__REQUIREMENT__.
Your copy should hold only the lines from the one with "ボウタイリボンを低めの位置に" to the one with "Este lunes 4", both included, each exactly as it stands below, with no pictures.

__INPUT MATERIAL__.
++++++++++++++++++++

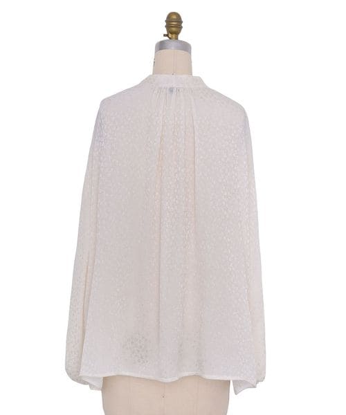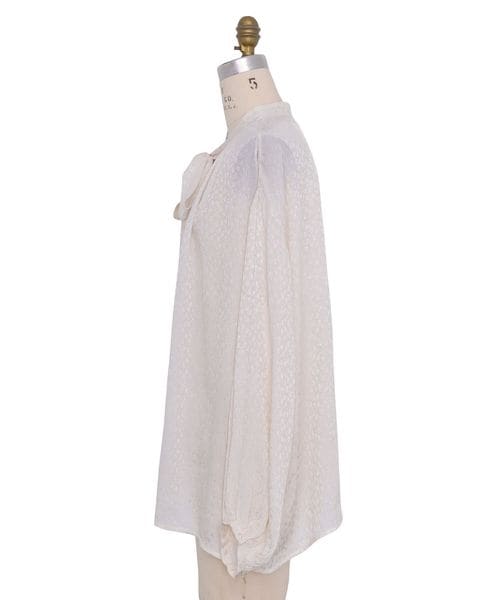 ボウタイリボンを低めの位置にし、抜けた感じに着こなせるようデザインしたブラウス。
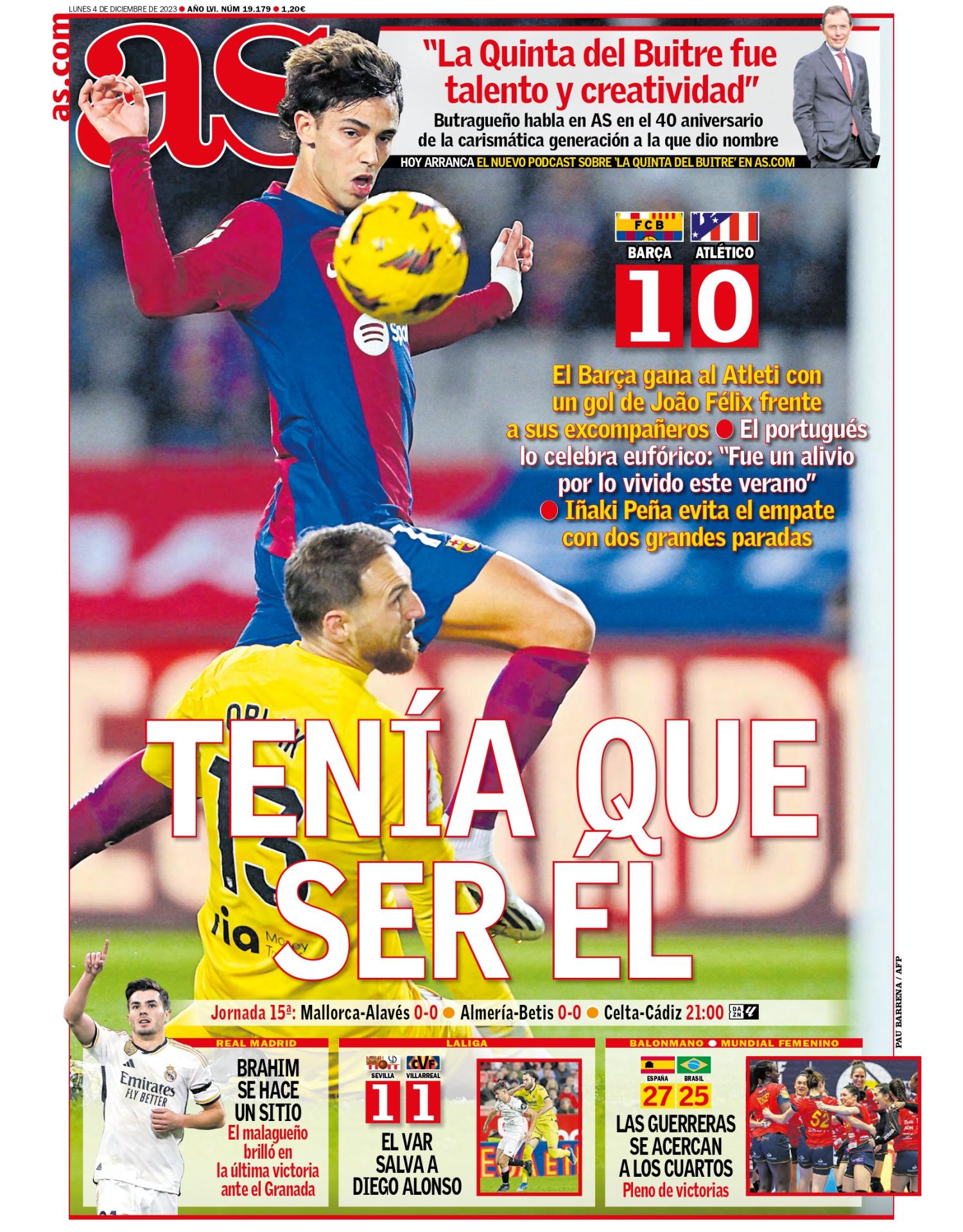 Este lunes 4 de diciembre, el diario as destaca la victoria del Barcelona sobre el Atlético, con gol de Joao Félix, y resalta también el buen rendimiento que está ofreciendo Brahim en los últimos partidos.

++++++++++++++++++++

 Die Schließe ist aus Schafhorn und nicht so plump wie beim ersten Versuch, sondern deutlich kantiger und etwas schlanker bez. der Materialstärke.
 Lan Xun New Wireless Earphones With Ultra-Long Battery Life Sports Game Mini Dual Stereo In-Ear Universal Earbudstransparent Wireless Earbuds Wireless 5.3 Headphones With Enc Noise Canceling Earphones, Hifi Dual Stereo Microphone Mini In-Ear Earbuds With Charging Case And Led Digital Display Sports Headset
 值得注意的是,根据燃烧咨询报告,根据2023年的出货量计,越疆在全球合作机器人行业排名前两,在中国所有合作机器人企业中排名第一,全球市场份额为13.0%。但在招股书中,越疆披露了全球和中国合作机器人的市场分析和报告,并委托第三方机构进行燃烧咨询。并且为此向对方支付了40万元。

++++++++++++++++++++

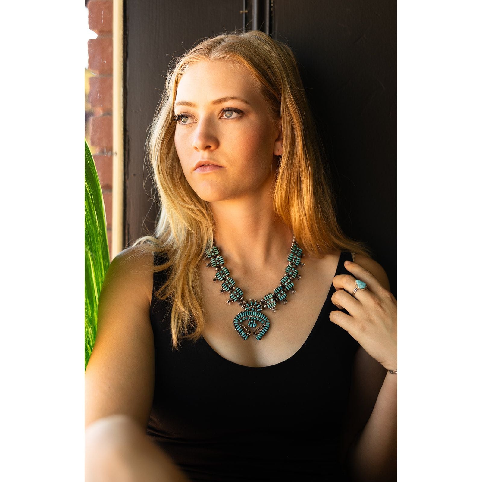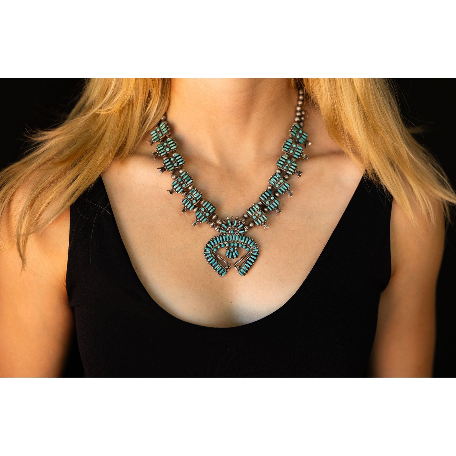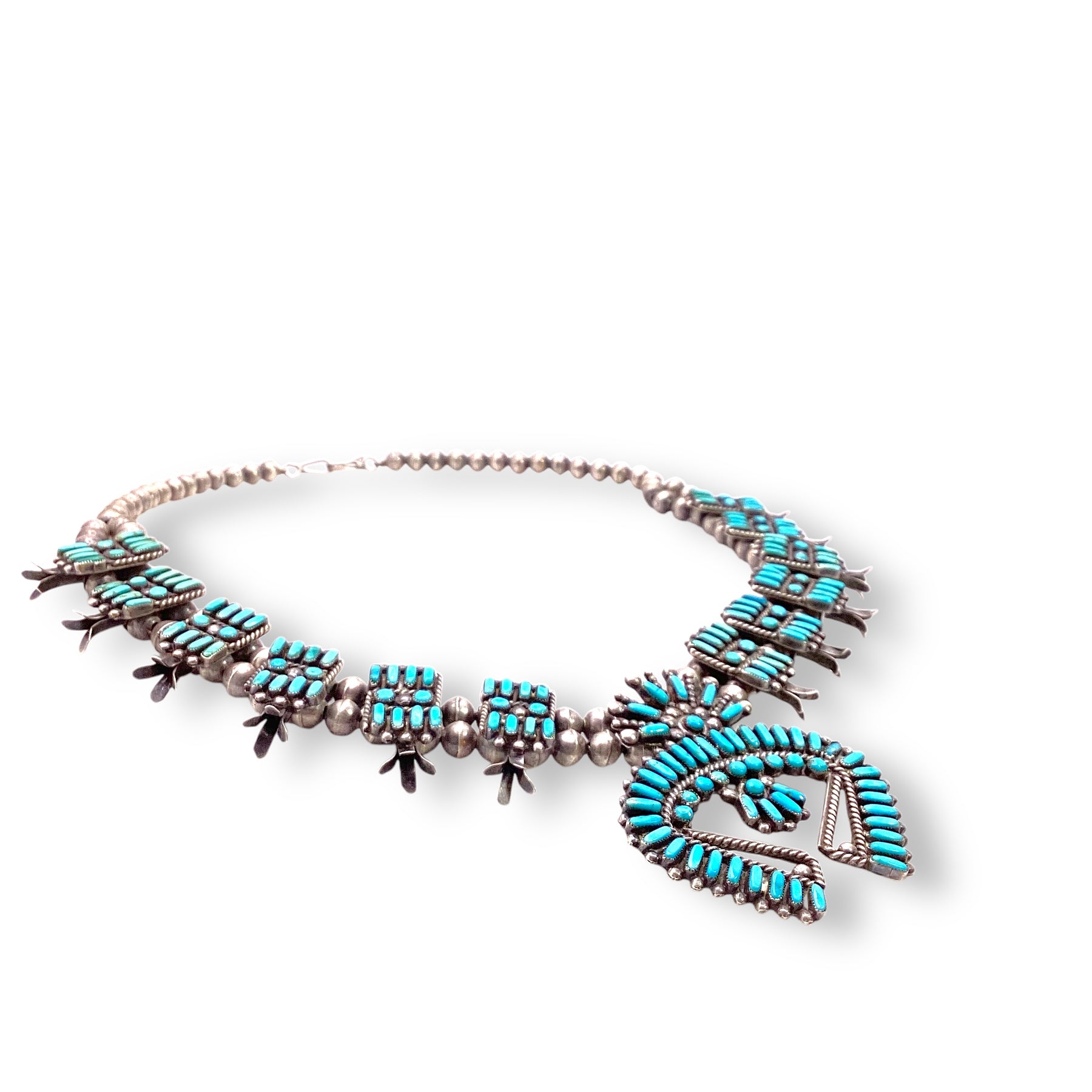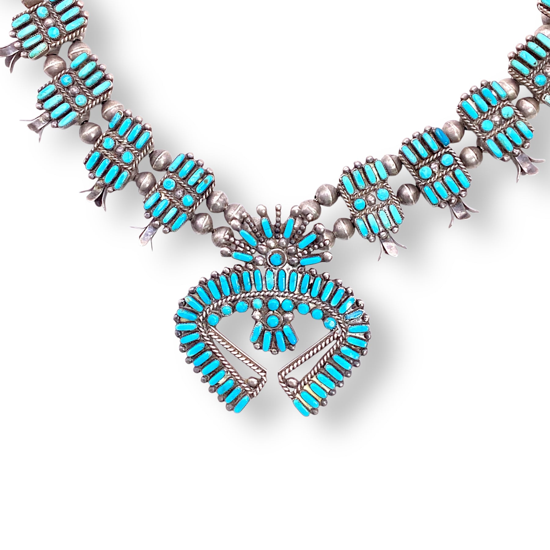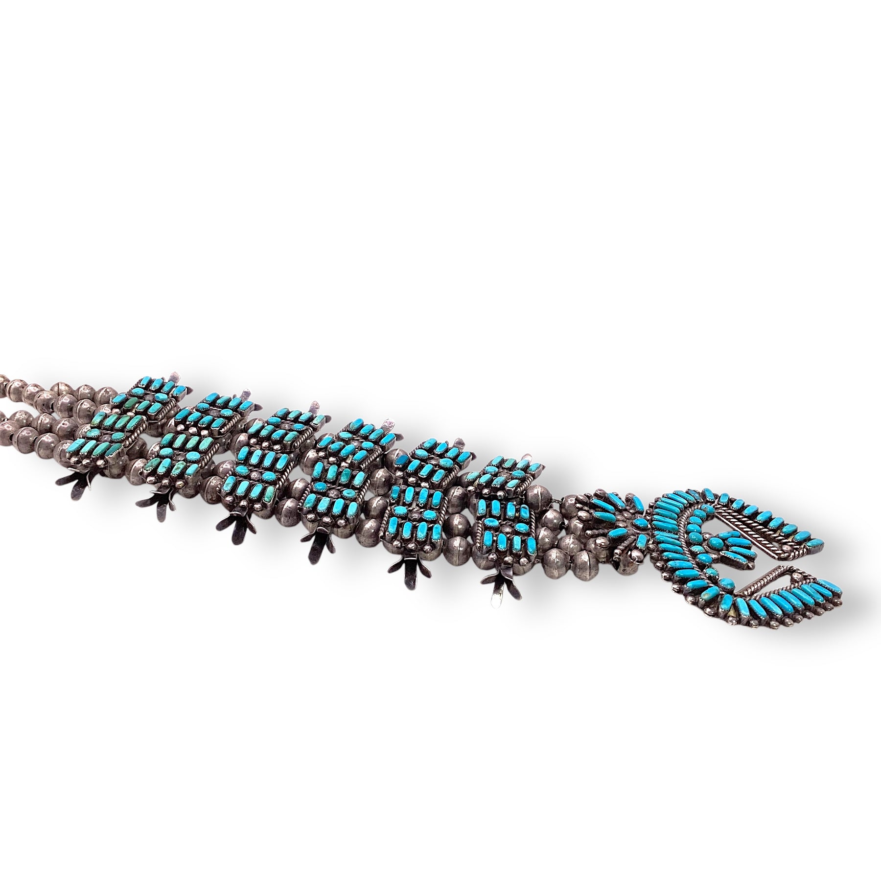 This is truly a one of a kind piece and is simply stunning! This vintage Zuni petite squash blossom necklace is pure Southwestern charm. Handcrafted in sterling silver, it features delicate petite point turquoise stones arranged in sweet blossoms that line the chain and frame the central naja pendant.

++++++++++++++++++++

__SOLUTION FOR THIS PROBLEM__.
 ボウタイリボンを低めの位置にし、抜けた感じに着こなせるようデザインしたブラウス。
 Este lunes 4 de diciembre, el diario as destaca la victoria del Barcelona sobre el Atlético, con gol de Joao Félix, y resalta también el buen rendimiento que está ofreciendo Brahim en los últimos partidos.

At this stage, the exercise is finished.